Les Australopithèques, dans ce scénario évolutionniste imaginaire, seraient de vrais singes dont l'espèce s'est ensuite éteinte. De plus, les êtres de la série Homo seraient les membres de diverses races humaines qui ont vécu dans le passé et ont ensuite disparu. Les évolutionnistes ont classé les divers fossiles de singe et d'homme du plus petit au plus grand afin de schématiser "l'évolution humaine". Cependant, les recherches ont démontré que ces fossiles n'impliquent nullement un processus évolutif. De plus, il a aussi été prouvé que certains des ancêtres supposés de l'homme étaient en réalité des singes et que certains supposés singes étaient en réalité des ancêtres de l'homme.

Maintenant, jetons un coup d'œil aux Australopithèques, qui sont, pour les évolutionnistes, la première étape du schéma de l'évolution humaine.
Les Australopithèques : Une espèce éteinte

Les évolutionnistes prétendent que les Australopithèques sont les ancêtres les plus primitifs de l'homme moderne. Cette espèce éteinte possède une structure de tête et de crâne semblable à celle des singes modernes, mais ont une plus petite capacité crânienne. Selon les évolutionnistes, ces créatures portent une caractéristique déterminante qui permet de les considérer comme des ancêtres de l'homme : La bipédie.

Les mouvements des singes et des hommes sont complètement différents. Les êtres humains sont les seules créatures vivantes qui se déplacent librement sur deux pieds. Certains autres animaux ont une capacité limitée pour se déplacer de cette façon, mais tous ont des squelettes courbés.

D'après les évolutionnistes, les Australopithèques ne pouvaient que marcher dans une posture courbée plutôt que droite comme celle des êtres humains. Cette étape bipède limitée a suffi aux évolutionnistes pour affirmer que les Australopithèques étaient les ancêtres de l'homme.

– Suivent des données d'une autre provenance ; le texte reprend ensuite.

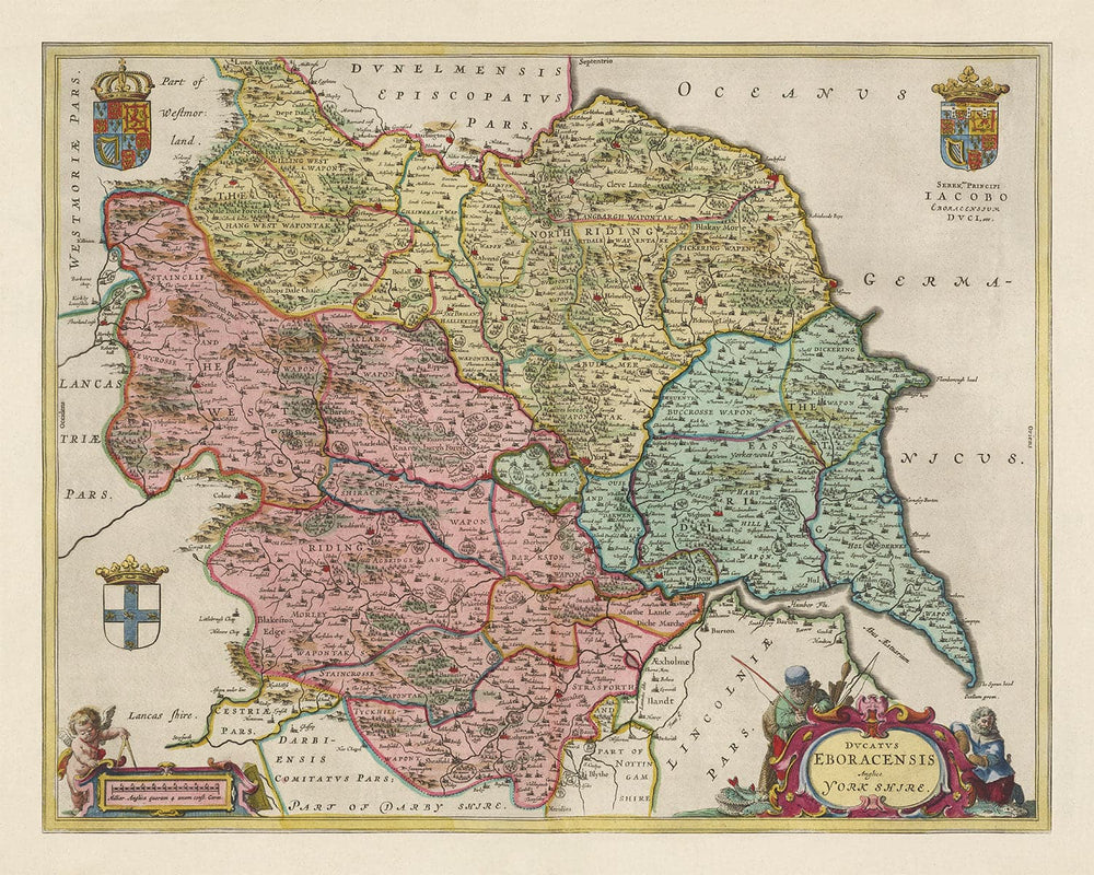 Dies ist eine äußerst seltene, alte farbige Karte von Yorkshire, die von dem Meisterkartenmacher Joan Blaeu aus seiner Werkstatt in Amsterdam erstellt und ursprünglich 1654 in diesem Theatrum Orbis Terrarum Sive Atlas Novus veröffentlicht wurde.

Cependant, les évolutionnistes eux-mêmes furent les premiers à réfuter que les Australopithèques étaient bipèdes. Des études détaillées de fossiles d'Australopithèques ont forcé les évolutionnistes à admettre que ceux-ci ressemblaient "trop" aux singes. Charles E. Oxnard qui fit des recherches anatomiques détaillées des fossiles d'Australopithèques au milieu des années 70, a comparé la structure squelettique des Australopithèques et celle des orangs-outans modernes :

Une grande partie du savoir conventionnel d'aujourd'hui au sujet de l'évolution humaine est basée sur des études de dents, de mâchoires et de fragments de crâne de fossiles d'australopithèques. Tous indiquent que la relation étroite entre l'australopithèque et la lignée humaine ne peut être vraie. Tous ces fossiles sont différents des gorilles, des chimpanzés et des hommes. Étudiés en tant que groupe, les australopithèques ressemblent plus aux orang-outans.115

Pourtant, ce qui a vraiment mis les évolutionnistes dans l'embarras est la découverte que les Australopithèques ne pouvaient pas marcher sur deux pieds à cause de leur posture courbée. Il n'aurait pas été physiquement rentable pour les Australopithèques de se déplacer de cette façon en raison des énormes exigences énergétiques que cela aurait nécessitées. Au moyen de simulations réalisées par ordinateur en 1996, le paléanthropologue anglais Robin Crompton a également démontré qu'une foulée si "complexe" était impossible. Crompton en a tiré la conclusion suivante : Un être vivant peut ou marcher tout droit ou sur quatre pattes. Un type de pas intermédiaire ne peut pas être soutenu pendant de longues périodes en raison de la consommation d'énergie extrême. Ceci signifie que les Australopithèques ne pouvaient être bipèdes et avoir une posture courbée en même temps.

L'étude la plus importante démontrant que les Australopithèques ne pouvaient être bipèdes a été produite en 1994 par l'anatomiste Fred Spoor et son équipe dans le Département d'Anatomie Humaine et de Biologie Cellulaire à l'Université de Liverpool en Angleterre. Ce groupe entreprit des études sur la bipédie des êtres vivants fossilisés en examinant le mécanisme d'équilibre involontaire qui se trouve dans le limaçon de l'oreille. Les résultats ont prouvé de manière concluante que les Australopithèques ne pouvaient être bipèdes. Les Australopithèques ne peuvent donc être semblables aux hommes.